En première instance, la plainte déposée par l’organisation civile associée à l’ancien président Macri a été rejetée au motif qu’il n’était pas « légal et constitutionnel de déposer une plainte pénale », comme l’a expliqué Eduardo Farah, l’unique juge de la Chambre fédérale qui a voté « non » à la réouverture des enquêtes. Cristina Fernández de Kirchner a souligné le prétendu favoritisme judiciaire envers le Macrismo comme la principale raison de cette décision.

Fernández accuse la justice

L’actuelle vice-présidente argentine a attaqué le système judiciaire du pays à travers ses réseaux sociaux, où elle a remis en question « l’indépendance » du système judiciaire, en plus d’ironiser sur les récents avis judiciaires favorables à l’ancien président. Il a également souligné l’acquittement obtenu par l’ancien président dans le cadre de l’affaire d’espionnage présumé des familles des personnes décédées lors du naufrage du sous-marin ARA San Juan en 2017.

« Dire qu’en Argentine il y a encore ceux qui parlent de l’indépendance du pouvoir judiciaire et que leurs visages ne tombent pas. Maman! », a écrit Fernández de Kirchner sur son profil X, où elle accuse également Macri d’avoir « fait suspendre » le pouvoir judiciaire. les élections du club de football Boca Juniors, dont il a été président et est aujourd’hui candidat à la vice-présidence.


L’ancienne présidente de gauche a toujours nié son prétendu lien avec toute affaire de blanchiment d’argent et de corruption et la justice argentine lui a toujours donné raison, jusqu’à ce que, dix ans après la naissance de l’affaire, Fernández de Kirchner soit à nouveau aux commandes. des enquêtes judiciaires.

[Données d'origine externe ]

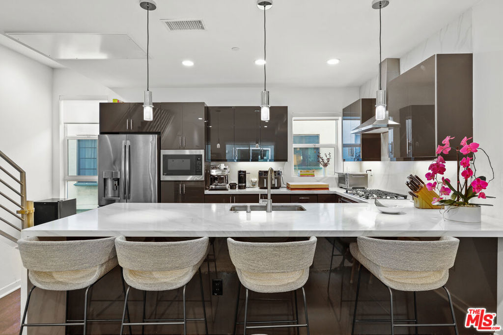 Welcome to 8408 Blackburn Ave a beautifully crafted 3-bedroom, 3.5-bathroom modern home built in 2019, nestled in one of LA’s most coveted neighborhoods just south of 3rd Street in Beverly Grove. Part of the 10 Blackburn small lot subdivision, enter on the ground floor to find a private guest bedroom with its own en-suite bath featuring a walk-in shower, then head upstairs to the bright and open main living level where an elegant dining room, spacious family room, and a generous kitchen with GE Profile appliances and ample cabinetry come together seamlessly with a balcony off the dining area and a powder room completing the floor. The third floor is home to two additional bedrooms, including a serene primary suite with a walk-in closet, double vanity, walk-in shower, and private balcony, while the secondary bedroom offers its own en-suite tub/shower bath, and a stacked washer/dryer and built-in storage closet add everyday convenience. All bathrooms are appointed with dimmable LED-lit vanity mirrors, custom window treatments are found throughout, and three motorized shades on the soaring high-ceiling transoms add a seamless finishing touch. Above it all, a professionally turfed rooftop deck with a wind-sensor retractable awning and stunning views of the Hollywood Sign offers the ultimate LA outdoor living experience. The attached 2-car garage features epoxy floors and an EV charging station, and the unbeatable location puts you steps from Joan’s on Third, Oste, Izakaya, Bacio Di Latte, and the best of 3rd Street dining and shopping, a 5-minute walk to the Beverly Center, and a 10-minute walk to The Grove and the soon to be brand new, largest Whole Foods on the West Coast a rare turnkey modern home that truly has it all.

Dix ans d’enquêtes sur la « K Money Route »

Créée en 2013, l’affaire « Money Route K » avait pour protagoniste l’homme d’affaires Lázaro Báez, accusé par la justice argentine d’avoir blanchi environ 60 millions de dollars entre 2010 et 2013, dans lesquels il a obtenu des offres juteuses pour des travaux publics de la Gouvernement kirchnériste.